Melbourne hedge fund L1’s takeover bid for Platinum could come as soon as this week. L1’s founders say their acumen and support can arrest the slide of what was once a big-name firm under former boss Kerr Neilson.

L1 Capital co-founders Rafi Lamm, left, and Mark Landau.
L1 Capital co-founders Rafi Lamm, left, and Mark Landau.
The Australian Business Network

L1 Capital founders Mark Landau and Rafi Lamm plan to keep their equity locked in a merged entity with Platinum Asset Management for several years, and claim their investment acumen and client obsession can arrest Platinum’s performance rot and outflows.

Mr Lamm played down concerns he and Mr Landau would use being in a listed company as a chance to sell out and crystallise their L1 fortune, in an interview with The Australian.

“It’s not an exit strategy. It’s doubling down to build something special,” Mr Lamm said.

As majority shareholders of their presently privately-held firm, the move will give them liquidity – and the ability to reward their 50-strong staff of investment managers and analysts with stock.

“We’ve got a lot of high performing, loyal staff who have been with us for a long time and we would like them to stay with us for the long haul, and rewarding them with equity is much more effective in a public company structure,” Mr Landau said.

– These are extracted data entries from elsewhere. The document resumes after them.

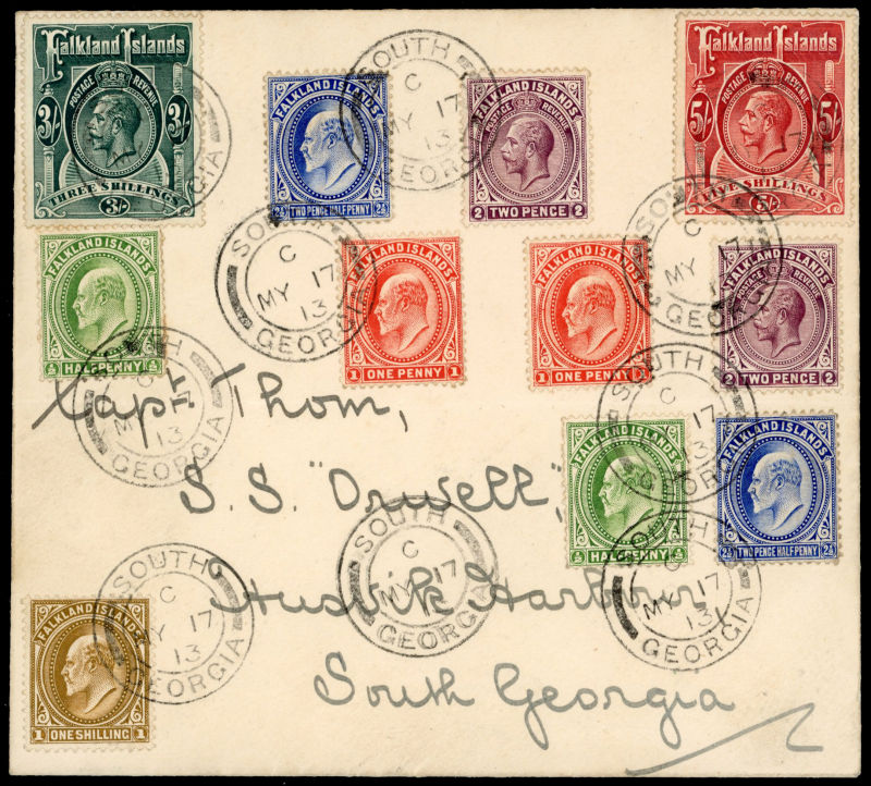 South Georgia. 1913 envelope locally addressed to a ship's captain at Husvik Harbour, a (now defunct) whaling station on South Georgia. Bears KEVII ½d, 1d and 2d x 2 each and 1s, and KGV 2d x 2, 3s and 5s, tied by nine good to very fine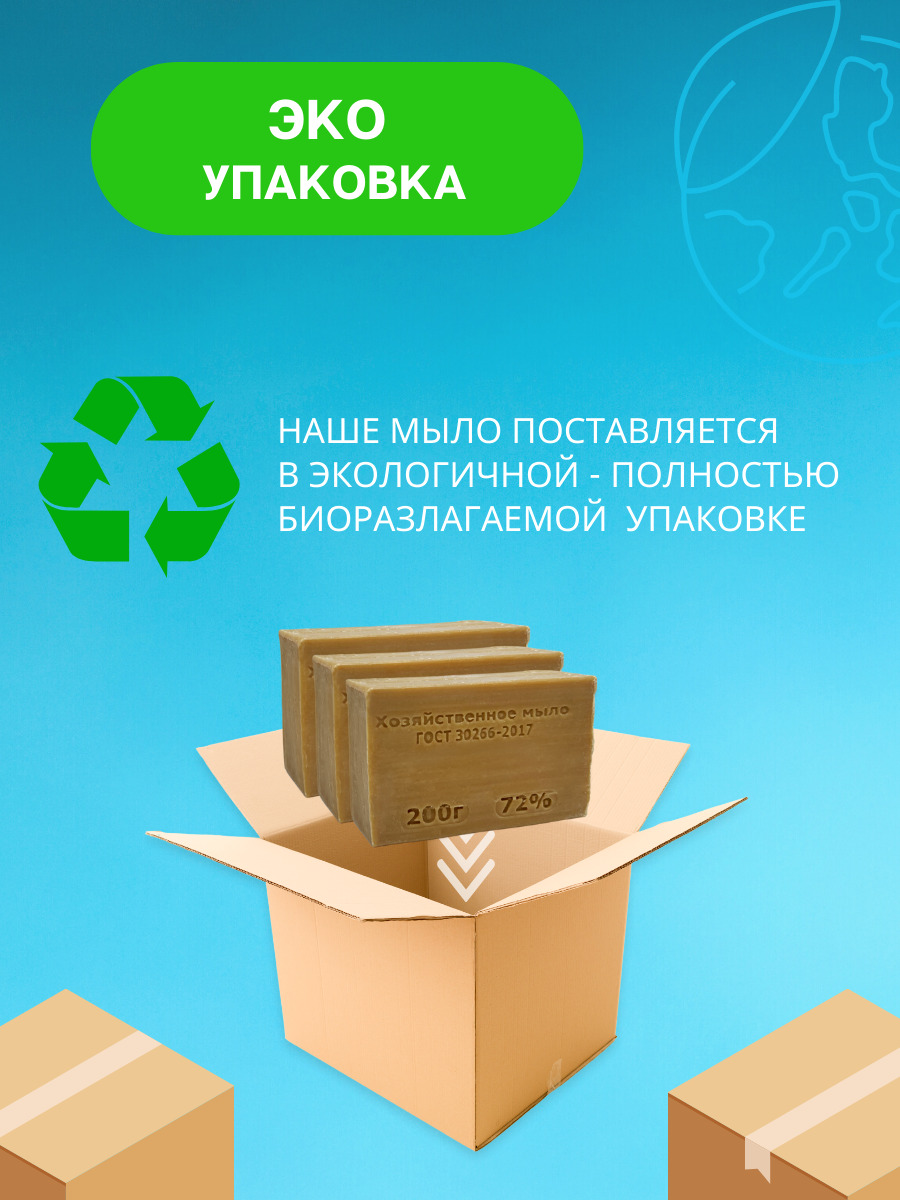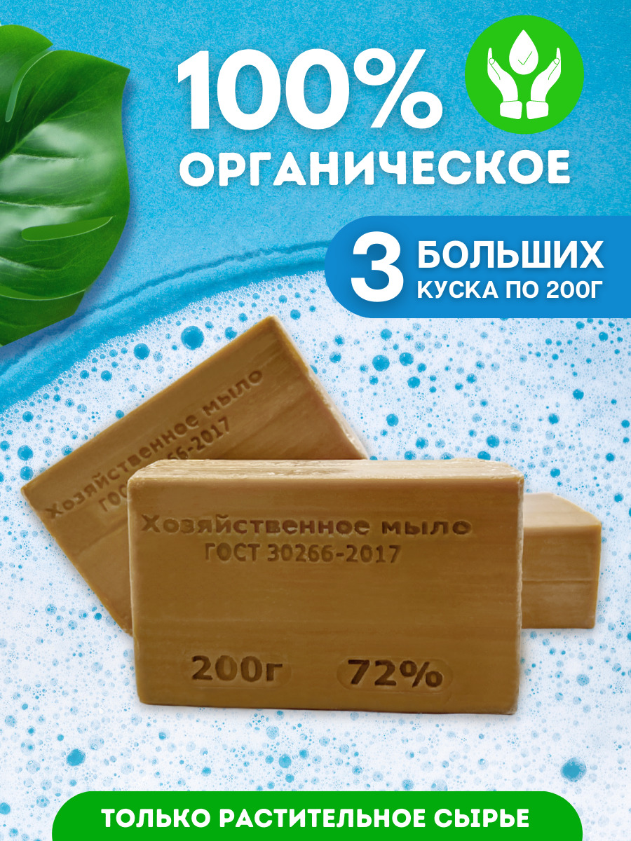 ЭКО мыло хозяйственное 72% гипоаллергенное ГОСТ (3шт по 200гр.) из натуральных компонентов Eco Will твердое кусковое. Универсальное. Для стирки и мытья рук. Биоразлагаемое.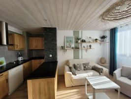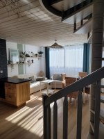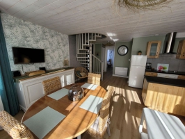 Appartement aménagé en 2016 dans un ancien atelier de menuiserie, situé au cœur de la ville. Plage, port, commerces et marché accessibles à pied. RDC : séjour/salon/cuisine, salle d'eau, WC, 1 chambre (1 lit 160). Etage (accès par un escalier en colimaçon) : 1 chambre (2 lits 90), coin détente sur mezzanine (banquette BZ). Wifi. Garage. 2 autres gîtes sur place (N° H85G010307, H85G010308). Cinéma, skate park, boulodrome à 400 m.Chauffage électrique inclus et draps fournis (lits faits à l'arrivée).Options : Ménage de fin de séjour : 80€/séjour ; Location linge de toilette : 10€/pers/séjour. En supplément : Taxe de séjour.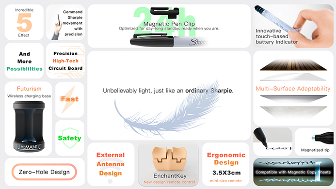 Imaginez qu'à tout moment, n'importe où, même à distance, vous puissiez contrôler un stylo par la pensée. Il pourrait rouler librement d'avant en arrière sur une surface dure et lisse, et s'arrêter à volonté dans n'importe quelle position. C'est incroyable, non ? Après des centaines de jours et de nuits d'efforts, nous sommes parvenus à une conception hautement intégrée, sans aucune ouverture dans un espace aussi étroit que celui du corps du stylo. Nous avons enfin réussi ! Il vous suffit d'emporter un Sharpie lorsque vous sortez, vous n'avez besoin de rien d'autre !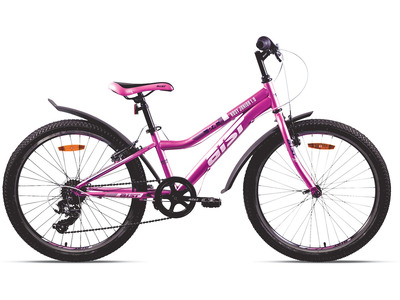 Велосипед, предназначенный для девочек в возрасте от восьми до тринадцати лет, с оборудованием начального класса Shimano, 7 скоростей. Технические особенности: легкая алюминиевая рама (сплав 6061, частично скрытая проводка, кареточный стакан BSA, крепление калипера IS, съемный петух, бонки для багажника и флягодержателя), амортизационная вилка (пружинная, ход 50 мм, крепление калипера IS), двойные алюминиевые обода (под AV ниппель), дисковые механические тормоза (роторы 160/160 мм), защита цепи, подножка, катафоты. Подходит для прогулочного катания в городских условиях и по несложным маршрутам в лесу. Диаметр колес - 24 дюйма. Вес - 13 кг.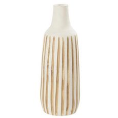 Informations Techniques : Dimensions : D. 17 x H. 45 cm Matière : Bois Spécificités : Tendance & Chic Vase design Forme ronde Vendu à l'unité Poids : 1,4 kg Couleur : Blanc & Naturel

The L1 duo are joint managing directors and co-chief investment officers at their Melbourne $8bn investment firm, which also manages the ASX-listed $2bn L1 Long Short Fund.

L1 Capital founders and co-chief investment officers Mark Landau, left, and Rafi Lamm.
L1 Capital founders and co-chief investment officers Mark Landau, left, and Rafi Lamm.

Under plans for the proposed merger with Platinum, which has suffered an exodus of investor money in recent years and has a market capitalisation of about $270m, Mr Lamm and Mr Landau would step down from their management leadership roles and would not sit on the listed entity’s board, to instead concentrate purely on picking stocks.

The pair had a 10-year escrow for their shares in the Long Short fund when it listed on the ASX in 2018, and would own the majority of the 74 per cent of Platinum shares L1 speaks for should the proposed merger complete.

Existing Platinum shareholders would control the remaining 26 per cent. The deal remains subject to final approvals from both parties, who are understood to be working towards finalising the merger.

Documentation could be released as soon as this week.

“Basically, Raf and I will keep doing 90 per cent of what we do now, and 10 per cent will drop away in terms of our CEO (managing director) role. We’ll be very involved in terms of setting the long term strategy and direction, making relevant introductions, focusing on the big picture, and long-term priorities,” Mr Landau said, asked about their roles post-merger.

“The best thing from our personal perspective and the best thing from a client perspective is that we spend our day focused on stocks. It is something we are very passionate about doing.”

Mr Lamm played down suggestions, as revealed in The Australian’s Margin Call column in May, that he is considering moving to Israel, but conceded it may make sense for him to be based overseas one day given an increasing focus on foreign stocks.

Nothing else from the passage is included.